Stochastic Switch-DEP. Paper version.

Loading weights from ./baselines_DEPRL/myoLegWalk_20230514/myoLeg/checkpoints/step_150000000.pt
/home/daniel/anaconda3/envs/MyoSuite/lib/python3.10/site-packages/deprl/vendor/tonic/torch/agents/agent.py:170: FutureWarning: You are using `torch.load` with `weights_only=False` (the current default value), which uses the default pickle module implicitly. It is possible to construct malicious pickle data which will execute arbitrary code during unpickling (See https://github.com/pytorch/pytorch/blob/main/SECURITY.md#untrusted-models for more details). In a future release, the default value for `weights_only` will be flipped to `True`. This limits the functions that could be executed during unpickling. Arbitrary objects will no longer be allowed to be loaded via this mode unless they are explicitly allowlisted by the user via `torch.serialization.add_safe_globals`. We recommend you start setting `weights_only=True` for any use case where you don't have full control of the loaded file. Please open an issue on GitHub for any issues related to this experimental feature.
  state_dict = torch.load(path, map_location=self.device)
/home/daniel/anaconda3/envs/MyoSuite/lib/python3.10/site-packages/gymnasium/core.py:311: UserWarning: WARN: env.mj_render to get variables from other wrappers is deprecated and will be removed in v1.0, to get this variable you can do `env.unwrapped.mj_render` for environment variables or `env.get_wrapper_attr('mj_render')` that will search the reminding wrappers.
  logger.warn(
/home/daniel/anaconda3/envs/MyoSuite/lib/python3.10/site-packages/deprl/vendor/tonic/torch/agents/mpo.py:90: UserWarning: Creating a tensor from a list of numpy.ndarrays is extremely slow.
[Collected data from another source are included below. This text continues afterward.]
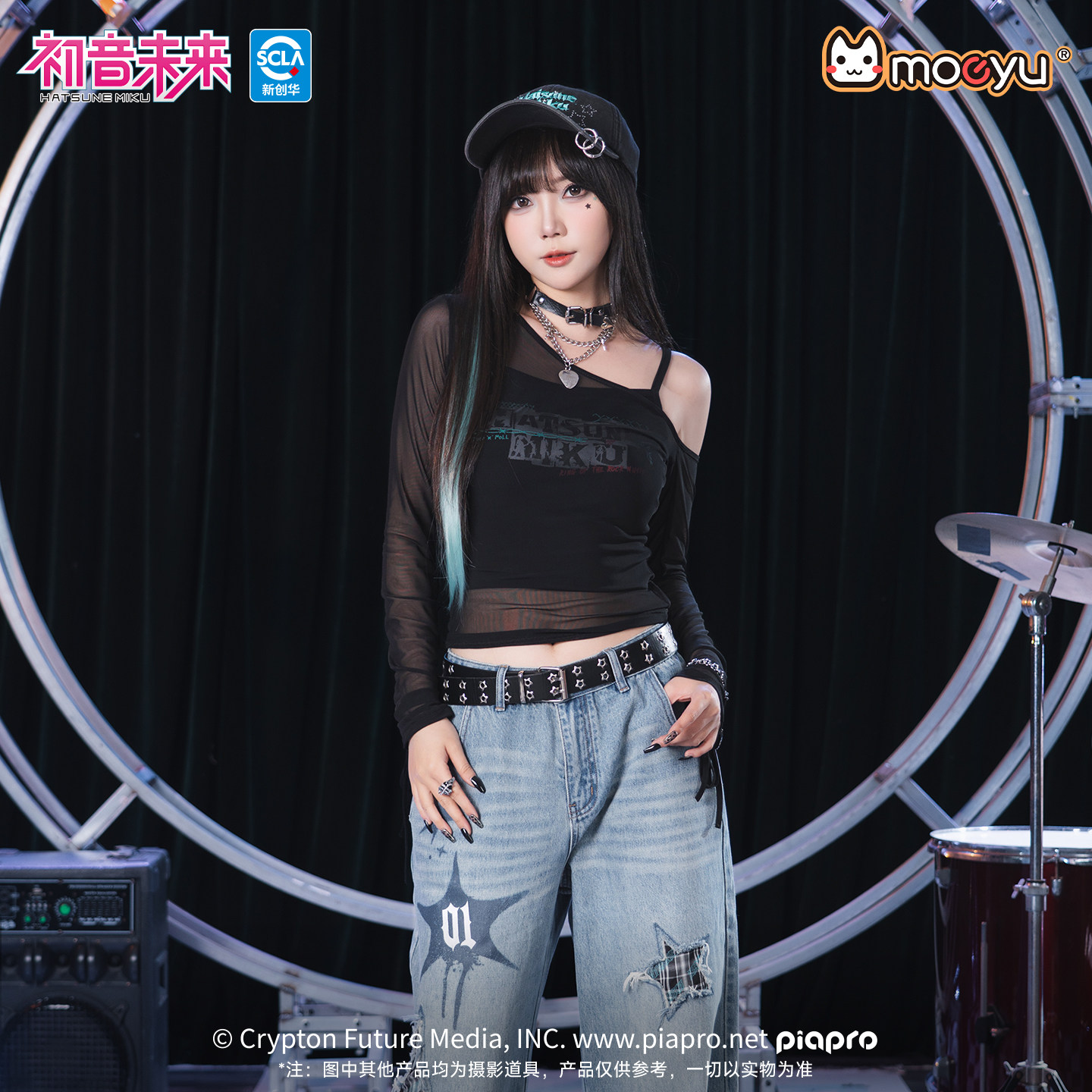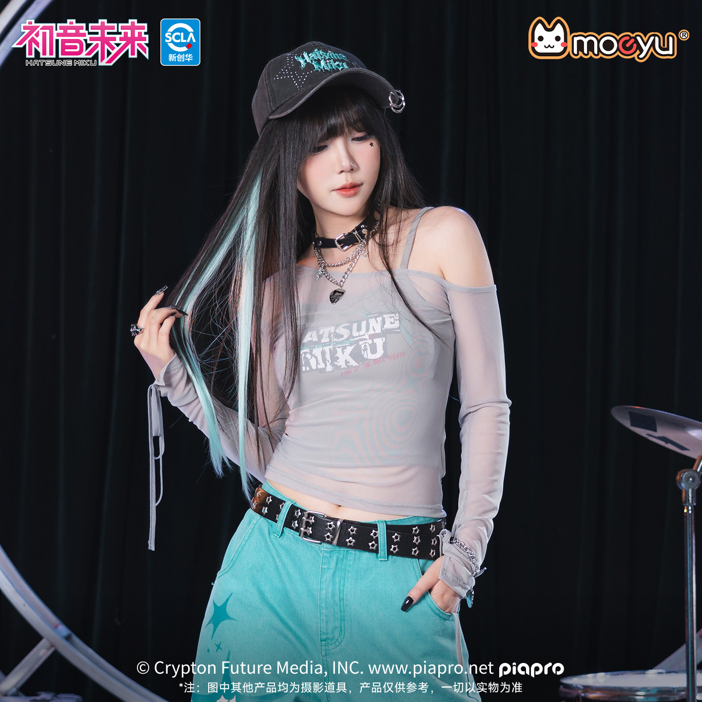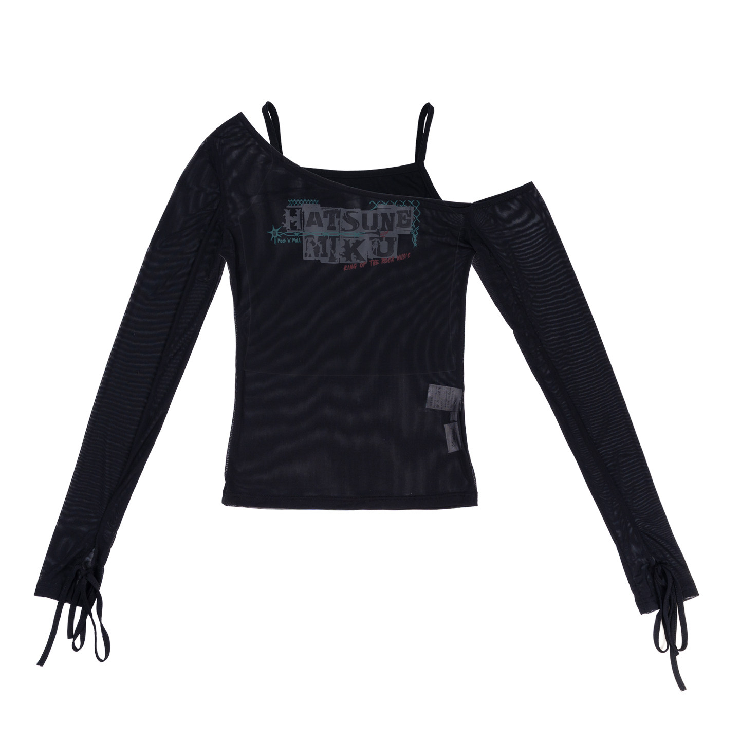 moeyu初音未来摇滚未来斜肩网纱长袖 t恤女假两件甜辣吊带露肩上衣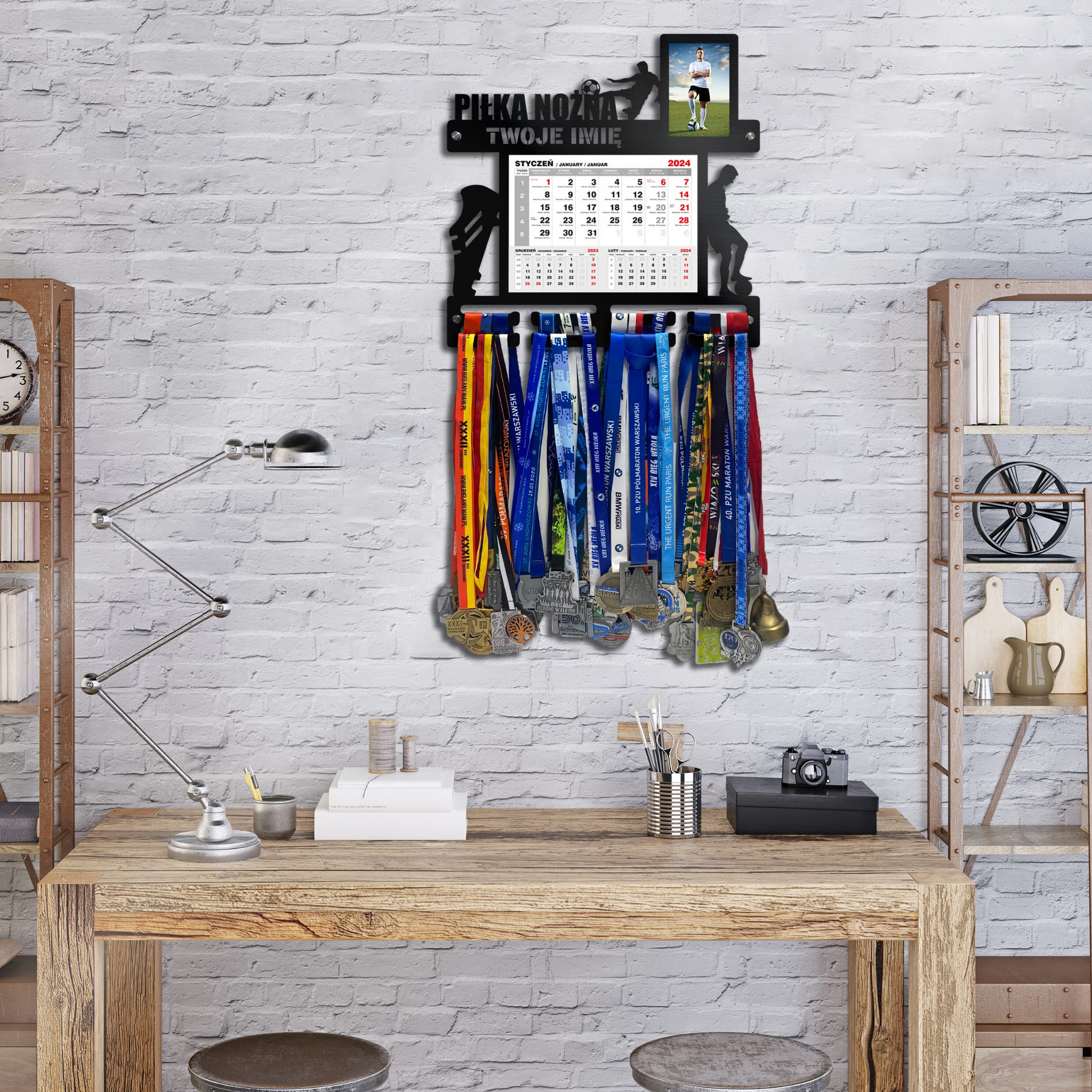 Wieszak na medale PIŁKA NOŻNA z kalendarzem i ramką na zdjęcie imię 386.1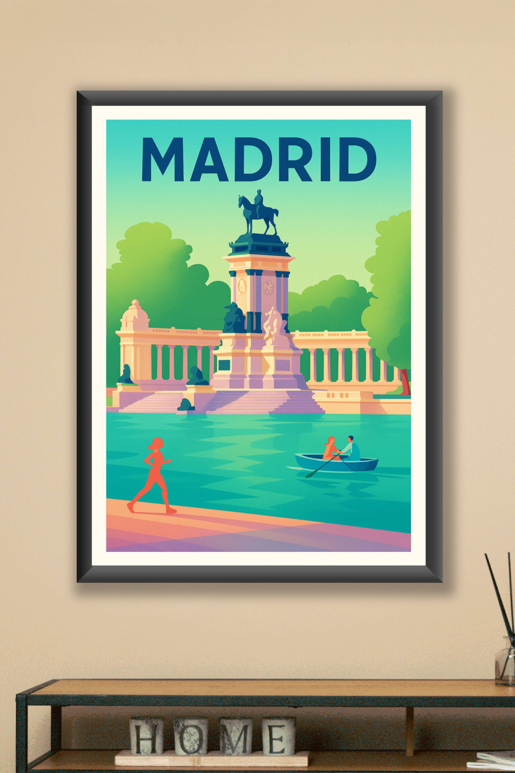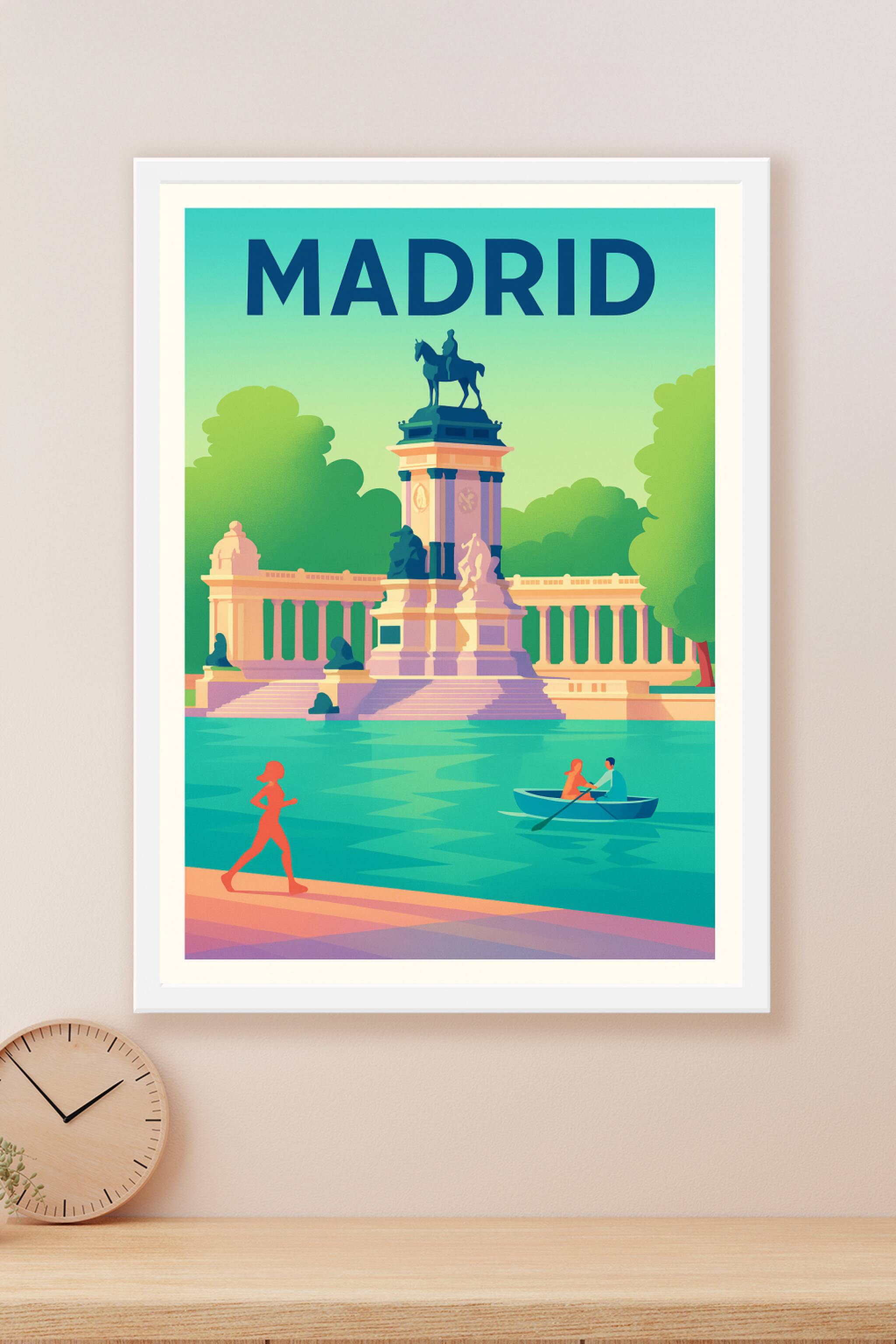 Découvrez l'atmosphère paisible et colorée du parc du Retiro à Madrid avec cette affiche illustrée au style doux et moderne. Ce poster met en scène la célèbre statue équestre dans un cadre verdoyant, où les promeneurs et les barques sur le lac invitent à la détente et à la contemplation. Imprimée en tirage "Fine Art" sur un papier de coton 305g de haute qualité, cette affiche est disponible en formats A1 à A4, avec ou sans cadre, pour s'adapter à votre intérieur ou offrir un cadeau unique. Profitez d'une impression premium 100% fabriquée en France pour sublimer votre décoration avec ce poster emblématique de la capitale espagnole.
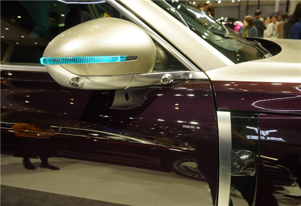 此外,从安全和实用等多维度考虑,岚图泰山没有采用全隐藏式门把手,而是使用了半隐藏式,且门把手处融入了“星汉璀璨”的设计元素,为整车的华贵设计氛围增色不少。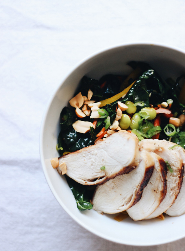 To assemble salad: In a large bowl toss together kale, carrots, pepper, 3 chopped green onions, and edamame with enough dressing to coat salad. Sprinkle top with peanuts and serve topped with sliced chicken.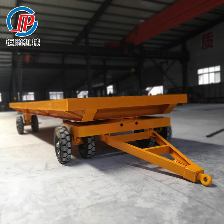 鉅鵬機械:0531-84427777所生產的平板車是一種叉車牽引式平板車18678652789,適用于廠內運輸車輛。又稱電動平車、臺車、過跨車。它具有結構簡單、使用方便、容易維護、承載能力大、污染少等優點。廣泛用于機器制造和冶金工廠,作為車間內部配合吊車運輸重物過跨之用。P系列電動平車高度低,臺面加強,改型容易,維修方便。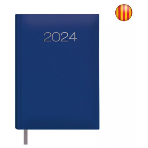 Cubierta realizada en polipiel con cartón almohadillado de primera calidad y estampación del año con película de color plata en la portada. Encuadernación cosida con lomo redondo, cabecera y cinta de registro color gris. Bloque interior 336 páginas en papel offset color ahuesado de 70g. impreso a 1 color, con certificado FSC mixto. Anualidad día/página (6 páginas por semana. Sábado y domingo en la misma página). Contiene: datos personales, calendario trienal, planning anual, indicativos internacionales, páginas para anotaciones y listín telefónico, onomásticas, Calendario impreso del mes actual y siguiente. Mapa de carreteras de España y Portugal en 2 páginas a color. Tamaño 14 x 20 cm. Color Azul. Idioma: Catalán.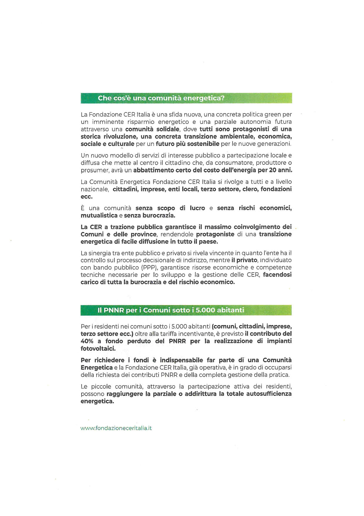 Contattare la Fondazione CER Italia al n. verde 800 59 54 58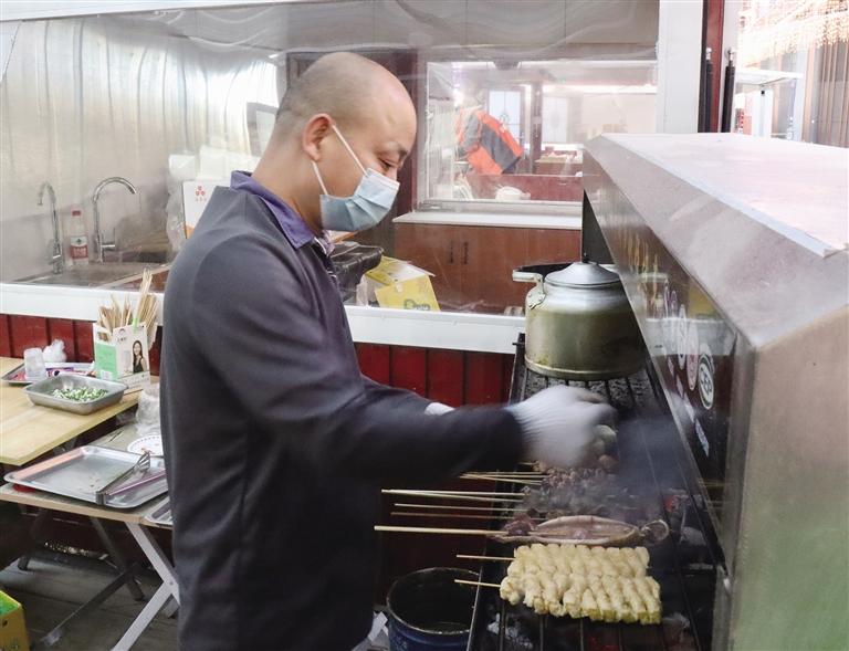 炒粉伴著滋啦作響的油爆聲在鍋中“跳躍”,燒烤師傅撒下的孜然和辣椒裹滿肉?!坏赖烂朗吃诔载泜兤谂蔚哪抗庵猩献?,來一杯冰鎮(zhèn)汽水或冰啤酒,盛宴就此開始……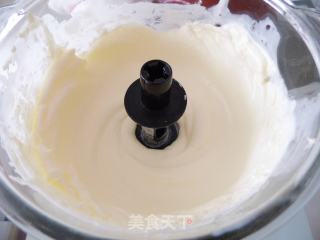 最后打发成软性发泡,就是如图拉起打蛋器有一个弯弯的角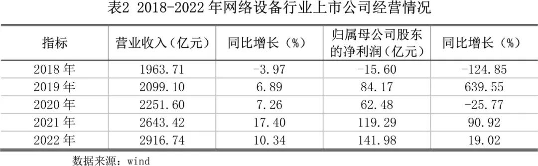 在国家大力支持的背景下,近年来我国网络设备市场规模整体呈增长趋势,根据wind概念类指标显示,网络设备行业共有上市企业18家,2022年行业营业总收入为2916.74亿元,同比增长10.34,增速较上年下降7.06个百分点;行业净利润为141.98亿元,同比增长19.02%,增速较上年下降71.9个百分点。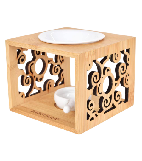 Designová aromalampa ZENARA z bambusového dřeva s bílou keramickou miskou na vosky a esence. Minimalistický styl, čisté linie, přirozené materiály. Doporučujeme kombinovat s vonnými esencemi a vosky PARFUMIA. Elegantní a funkční doplněk do interiéru, ideální pro aromaterapii a vytváření útulné atmosféry doma. Bambusový stojan dodává přirozený půvab a stabilitu, harmonicky spojuje estetiku s funkčností. Hodí se do různých stylů interiérů, od moderních po klasické. Nejen praktický nástroj pro rozprašování vůní, ale také krásná dekorace.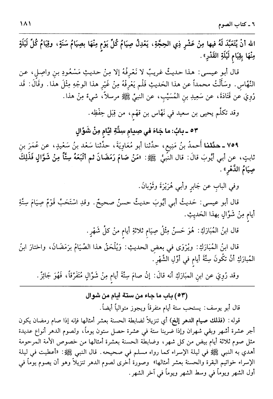 باب ما جاء من ستة أيام من شوال

Please consider converting the list to a single numpy.ndarray with numpy.array() before converting to a tensor. (Triggered internally at ../torch/csrc/utils/tensor_new.cpp:278.)
  observations = torch.as_tensor(observations, dtype=torch.float32)
Traceback (most recent call last):
  File "/home/daniel/myo_challenge/test.py", line 10, in <module>
    action = policy(obs)
  File "/home/daniel/anaconda3/envs/MyoSuite/lib/python3.10/site-packages/deprl/vendor/tonic/agents/agent.py", line 42, in __call__
    return self.test_step(observation, steps=1e6)
  File "/home/daniel/anaconda3/envs/MyoSuite/lib/python3.10/site-packages/deprl/custom_agents.py", line 57, in test_step
    return super().test_step(observations, steps)
  File "/home/daniel/anaconda3/envs/MyoSuite/lib/python3.10/site-packages/deprl/vendor/tonic/torch/agents/mpo.py", line 61, in test_step
    return self._test_step(observations).detach().cpu().numpy()
  File "/home/daniel/anaconda3/envs/MyoSuite/lib/python3.10/site-packages/deprl/vendor/tonic/torch/agents/mpo.py", line 90, in _test_step
    observations = torch.as_tensor(observations, dtype=torch.float32)
ValueError: expected sequence of length 403 at dim 1 (got 0)

This is the depRL version

deprl                                0.5.0

This is the script I ran

from myosuite.utils import gym
import deprl

# we can pass arguments to the environments here
env = gym.make('myoLegWalk-v0', reset_type='random')
policy = deprl.load_baseline(env)
obs = env.reset()
for i in range(1000):
    env.mj_render()
    action = policy(obs)
    obs, *_ = env.step(action)
env.close()
P-Schumacher commented 12 hours ago

okay, it seems the documentation is outdated on this

Run it like this:

from myosuite.utils import gym
import deprl
from deprl import env_wrappers
import time

# we can pass arguments to the environments here
env = gym.make('myoLegWalk-v0', reset_type='random')
env = env_wrappers.GymWrapper(env)
policy = deprl.load_baseline(env)
obs = env.reset()
for i in range(1000):
    env.mj_render()
    action = policy(obs)
    obs, *_ = env.step(action)
    time.sleep(0.01)
env.close()

The deprl gymwrapper had to be added.